++++ Supplied data ++++
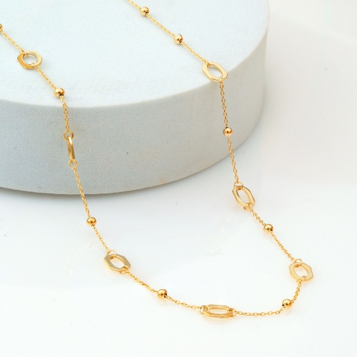 Naszyjnik złoty celebrytka owalne gładkie ogniwa naprzemiennie z kulkami CL1493
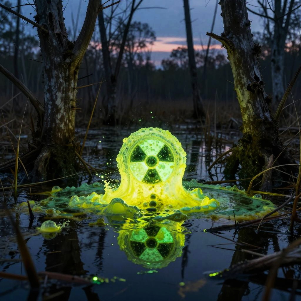 Radioactive goo oozing in a mysterious swamp at dusk, vibrant luminous green and yellow colors contrast with murky water and twisted dead trees, glowing particles floating around, surreal and immersive environment, photorealistic style.
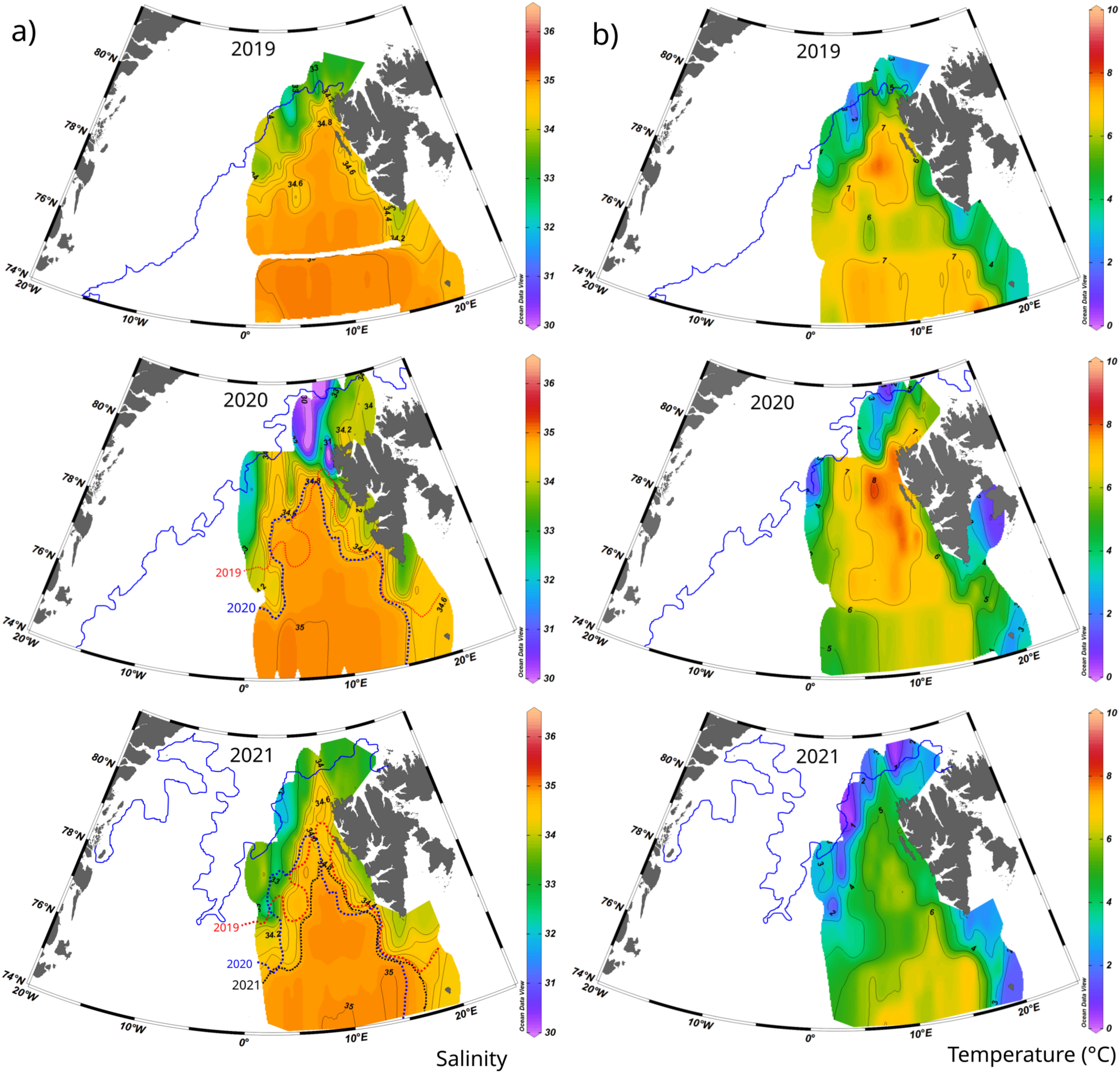 Unlike the salinity distribution, the surface temperatures show a strong interannual variability (Figure 3B). A strong temperature gradient was observed in all studied years close to the sea-ice margin in the west/northwest part of the study area, with warmer waters following the direction of the WSC from the south and reaching up to 79°N. Still, the spatially averaged surface temperature (calculated as the average of the gridded data, with the same spatial distribution and the same extension between years, see methods) differed from one year to another, amounting to 5.2°C during 2019, 5.3°C in 2020, and 3.8°C in 2021. The spatial patterns of the temperature gradients also varied between different years. One of the main features that could be distinguished is a zonally extending pattern of lower surface temperature located at 76°N in 2019, at 75°N in 2020, and at 76°N in 2021 (Figure 3B). An explanation of causal mechanisms, responsible for complex and annually varying patterns of surface temperature is beyond this study. However, the average surface temperature clearly shows colder surface waters during 2021 than during 2019 and 2020, coinciding with a smaller extension of the AW surface pattern (defined as surface waters with S > 34.8) and reduced sea ice.
++++
• [Problem] Every line above is to be reproduced verbatim, and the pictures are to be omitted.

• [Written solution]
 Naszyjnik złoty celebrytka owalne gładkie ogniwa naprzemiennie z kulkami CL1493
 Radioactive goo oozing in a mysterious swamp at dusk, vibrant luminous green and yellow colors contrast with murky water and twisted dead trees, glowing particles floating around, surreal and immersive environment, photorealistic style.
 Unlike the salinity distribution, the surface temperatures show a strong interannual variability (Figure 3B). A strong temperature gradient was observed in all studied years close to the sea-ice margin in the west/northwest part of the study area, with warmer waters following the direction of the WSC from the south and reaching up to 79°N. Still, the spatially averaged surface temperature (calculated as the average of the gridded data, with the same spatial distribution and the same extension between years, see methods) differed from one year to another, amounting to 5.2°C during 2019, 5.3°C in 2020, and 3.8°C in 2021. The spatial patterns of the temperature gradients also varied between different years. One of the main features that could be distinguished is a zonally extending pattern of lower surface temperature located at 76°N in 2019, at 75°N in 2020, and at 76°N in 2021 (Figure 3B). An explanation of causal mechanisms, responsible for complex and annually varying patterns of surface temperature is beyond this study. However, the average surface temperature clearly shows colder surface waters during 2021 than during 2019 and 2020, coinciding with a smaller extension of the AW surface pattern (defined as surface waters with S > 34.8) and reduced sea ice.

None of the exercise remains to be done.